═════ Data extracts ═════

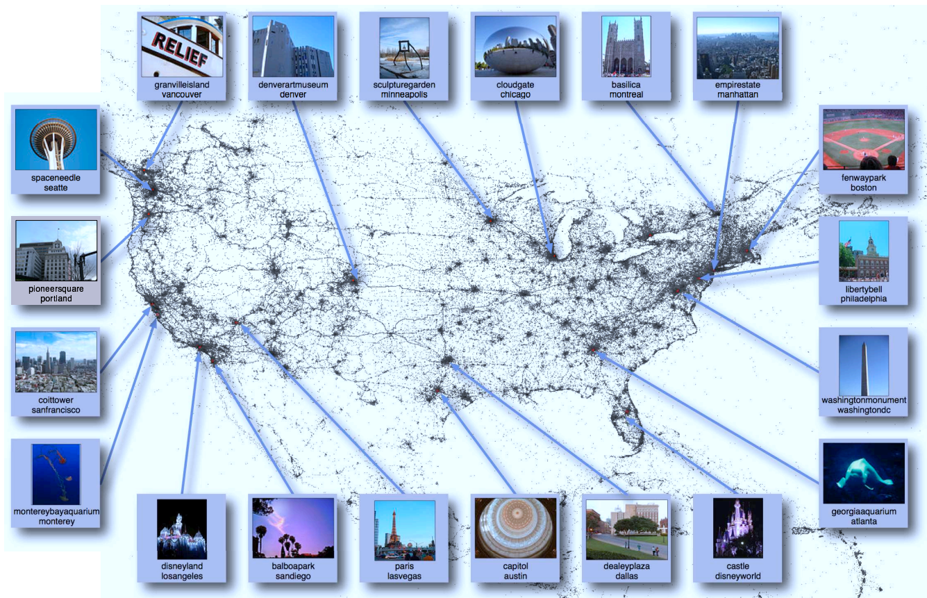
Figure 2: Representative images for the top landmark in each of the top 20 North American cities. All parts of the figure, including the representative images, textual labels, and even the map itself were produced automatically from our corpus of geo-tagged photos.

about 110,000 photos, again making it difficult to generalize their results. Their method also does not scale well to a global image collection, as we discussed in Section 3. There is a considerable earlier history of work in the Web and digital libraries community on organizing photo collections; however those papers in general make little or no use of image content (e.g., [1]) and again do not provide large-scale quantitative results.
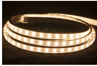
120-H2-WW (120V) 24-H2-WW (24V) 150ft reel • 2700K Warm White LEDs (120V) 82CRI • 145Lm/ft (24V) 82CRI • 195Lm/ft
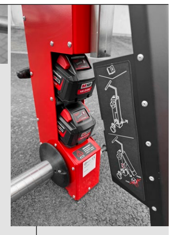
Electric motor powered by 18 V batteries

Hose protector protects the fire hose and coupling against fraying during winding
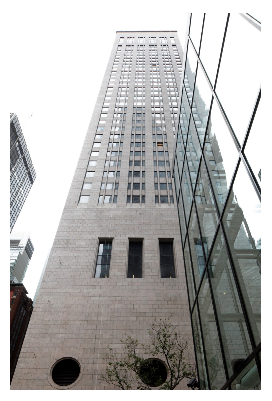
East 56<sup>th</sup> Street (north) facade Sarah Moses, July 2018
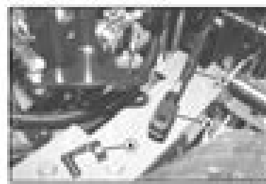
Figure 10-4: Z200 shown.

5. Remove tracking pin(s) on drive sprocket (A) and (B). Then remove sprocket and turn sprocket (A). Tighten drive sprocket and on sprocket (B) if necessary. If necessary, decrease forward sprocket and on sprocket (B) if necessary. Repeat procedure, as necessary, on opposite side (B). Install sprocket and turn sprocket and secure with locking pin.
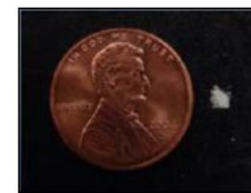
2 milligrams of powder next to a penny.

Carfentanil is a synthetic opioid approximately 10,000 times more potent than morphine and 100 times more potent than fentanyl. The presence of carfentanil in illicit U.S. drug markets is cause for concern, as the relative strength of this drug could lead to an increase in overdoses and overdose-related deaths, even among opioid-tolerant users.

═════

▸ **Task prompt**
Show each line in the data where the string "Figure" appears.

▸ **Answer for this exercise**
Figure 2: Representative images for the top landmark in each of the top 20 North American cities. All parts of the figure, including the representative images, textual labels, and even the map itself were produced automatically from our corpus of geo-tagged photos.
Figure 10-4: Z200 shown.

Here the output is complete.